In the analysis of failure the size of the load is calculated in which the structure cannot, or only under conditions of impermissible deformation, accept any further increase of the load. An exact depiction of the theoretical background is given, for example, in [Hibbi95] [Krätz94] [Mehlh95] [Steup66]. The following terms are of great importance (Image 5.3.3.7.2.2-1).

- Stability problem;
- Breakdown problem;
- Branching problem;
- Stress problem.

A **stability problem** exists exactly when for a particular value of the loading there is the possibility of more than just a displacement condition. Every stability problem is therefore an ambiguous problem. In order to evaluate the ambiguousness of the stability of a carrier construction, it is important to have an exact knowledge of the deformation characteristic. If an extreme value occurs in the load-displacement curve, then one speaks of a **breakdown problem**. In the so-called post-buckling phase, the displacement increases up to the load minimum in the rebound or stability point.

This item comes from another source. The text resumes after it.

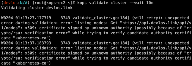 클러스터 생성 시 아래와 같은 오류로 인해 클러스터 접근 자격증명 문제가 발생했다. 3시간 정도 스택 삭제 생성을 반복하고 9~10분 정도 기다려봐도 동일한 증상이 발생했다.

After this a static equilibrium and a further increase in load is again possible. The branching of further curves from the load-displacement curve points to a so-called **branching problem**, If, however, the force and displacement are always unambiguously defined over the course of the curve, then it is a case of a **stress problem**. The bearing load of the system in this case is limited in that a cross section cannot absorb the stresses anymore and fails or the deformation grows over-proportionally.